Open rubensdevito opened 6 years ago
@rubensdevito
I guess your K8S cluster running inside VPC and K8S api server gets resolved with an external IP address ( see Jeff Barr article here ). To check this, go to Route 53, check if your cluster looks like this:
api.k8s.example.com A 52.xxx.xxx.xxx
api.internal.k8s.example.com A 172.20.xxx.xxxx
etcd-a.internal.k8s.example.com A 172.20.xxx.xxxx
etcd-events-a.internal.k8s.example.com A 172.20.xxx.xxxx
To workaround this issue, you need to fix it on kubeconfig template (kube-manifests/config) with:
apiVersion: v1
clusters:
- cluster:
certificate-authority-data: $CA
server: https://api.internal.$ENDPOINT
name: $ENDPOINT
contexts:
- context:
cluster: $ENDPOINT
user: $ENDPOINT
name: $ENDPOINT
current-context: $ENDPOINT
kind: Config
preferences: {}
users:
- name: $ENDPOINT
user:
client-certificate-data: $CLIENT_CERT
client-key-data: $CLIENT_KEY
If you work with original K8S generated kubeconfig with RBAC (just like me), "password" and "username" is needed after "client-key-data" field.

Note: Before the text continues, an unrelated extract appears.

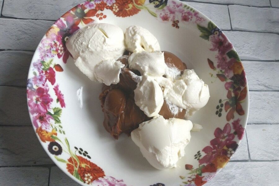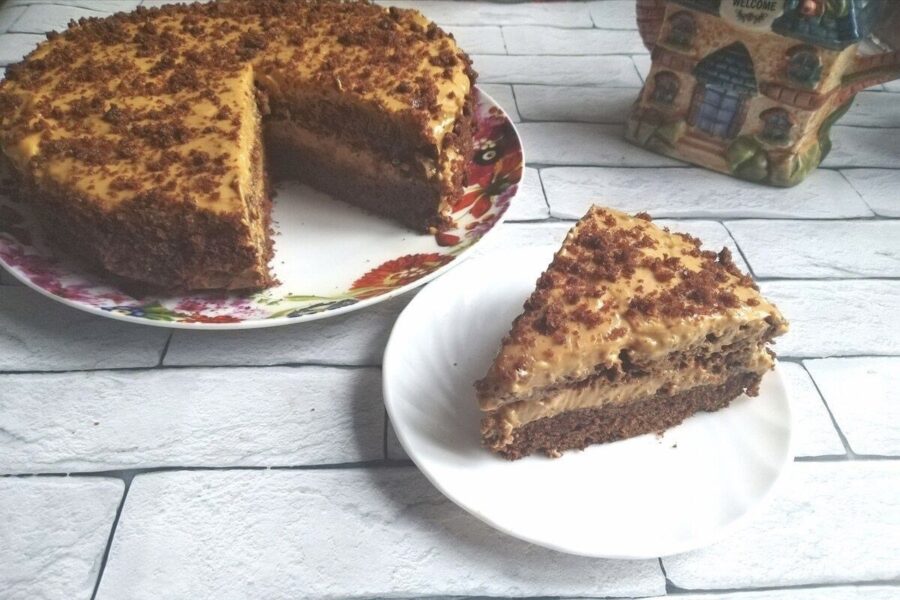 Kamēr biskvīts dziest, var pagatavot krēmu. Esmu mēģinājusi dažādus variantus, bet vislabāk pie šīs tumšās mīklas piestāv vārītā iebiezinātā piena un skābā krējuma apvienojums. Tas sanāk tāds karamelīgs, sātīgs un reizē ar patīkamu skābumiņu.

Of course, lambda and K8S need to be on same subnet as well as lambda and master(s) need to on the same security group.
BTW, although I got it deployed successfully (the image id really changed in K8S side), it still timeout (not reach posting codepipeline succeeded).
I finally got it working. This thread helps (look at Posted by BEm on Jun 29, 2017 3:09 AM):
Can someone post complete instructions that work to fix this? I've added the lambda function to the VPC, assigned subnets to the lambda function, assigned security groups to the lambda function, and added the AWSLambdaVPCAccessExecutionRole policy to the roles created for the lambda function. Nothing helps, error message doesn't change, deployments fail.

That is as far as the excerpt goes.